NOTICE OF EXTRAORDINARY GENERAL MEETING IN EGETIS THERAPEUTICS AB (PUBL)
September 30, 2024
The shareholders of Egetis Therapeutics AB (publ), reg. no. 556706–6724 (the “Company” or “Egetis”), are hereby convened to the extraordinary general meeting on Friday October 25, 2024 at 14.00 (CEST) at the premises of Advokatfirman Vinge on Smålandsgatan 20, SE-111 46 Stockholm, Sweden. Registration to the extraordinary general meeting starts at 13.30 (CEST).
Right to participate in the extraordinary general meeting
Participation in the extraordinary general meeting at the venue
A shareholder who wishes to participate in the extraordinary general meeting at the venue in person or represented by a proxy must be registered in the share register kept by Euroclear Sweden AB on the record date on Thursday October 17, 2024. Shareholders whose shares are registered in the name of a nominee must, well in advance of this date, re-register the shares in their own name. Such registration may be temporary and must have been effected on Monday October 21, 2024, in order for the shareholder to exercise the right to participate in the general meeting.
Shareholders who wish to participate in the extraordinary general meeting shall further give notice no later than Monday October 21, 2024, to the address: Egetis Therapeutics, Klara Norra Kyrkogata 26, SE-111 22, Stockholm, Sweden or via e-mail to [email protected]. When providing such notice, the shareholder shall state name, address, telephone number, personal or corporate registration number as well as shareholding.
If a shareholder is represented by proxy, a written, dated proxy for the representative must be issued. A proxy form is available on the Company’s website, www.egetis.com. If the proxy is issued by a legal entity, a certificate of registration or equivalent certificate of authority should be enclosed. To facilitate the registration at the general meeting, the proxy and the certificate of registration or equivalent certificate of authority should be sent to the Company as set out above so that it is received no later than Thursday October 24, 2024.

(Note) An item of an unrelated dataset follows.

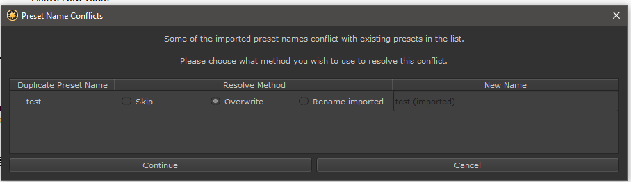 Import Presets from a configuration file. If presets with same names already exists, a dialog will prompt you for conflict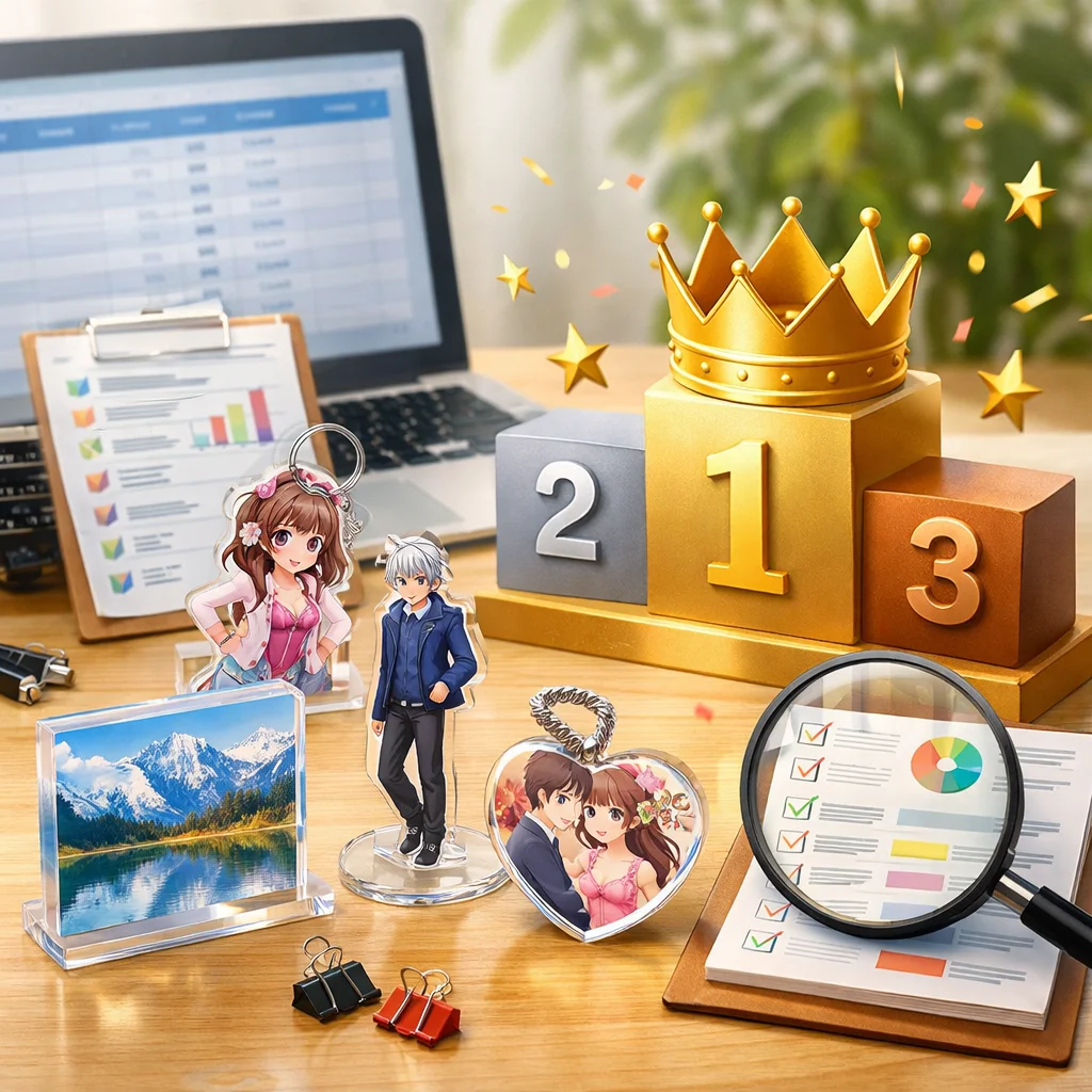 これらの評価軸を総合的に考慮し、各アクリルグッズ業者のランキングを作成しました。選定にあたっては、各業者の公式サイトや顧客レビューを参考にし、信頼性の高い情報を基にしています。

Participation by advance voting
A shareholder who wishes to participate in the extraordinary general meeting by advance voting must (i) be recorded as a shareholder in the share register maintained by Euroclear Sweden AB relating to the circumstances on Thursday October 17, 2024, and (ii) give notice no later than Monday October 21, 2024, by casting its advance vote in accordance with the instructions below so that the advance vote is received by the Company no later than on that day.
A shareholder who wishes to participate in the extraordinary general meeting at the venue in person or represented by a proxy must give notice thereof in accordance with what is set out under Participation in the extraordinary general meeting at the venue above. This means that a notification by advance vote is not sufficient for a person who wishes to participate at the venue.
A special form shall be used when voting in advance. The advance voting form is available on the Company’s website www.egetis.com. The completed form shall be received by the Company no later than Monday October 21, 2024. Advance votes received later will not be taken into account.
If the shareholder is a legal entity or if the shareholder exercises its voting rights through a proxy, a registration certificate or equivalent document for the legal entity and, where applicable, a power of attorney must be submitted together with the advance voting form. Shareholders who are represented by a proxy must issue a dated and signed power of attorney for the proxy. The period of validity of the power of attorney may be specified for a maximum of five years from the date of issue. If the proxy has been issued by a legal person, a copy of a registration certificate or equivalent authorization document for the legal person shall be enclosed. The Company provides a form of proxy on request and it is also available on the Company’s website, www.egetis.com.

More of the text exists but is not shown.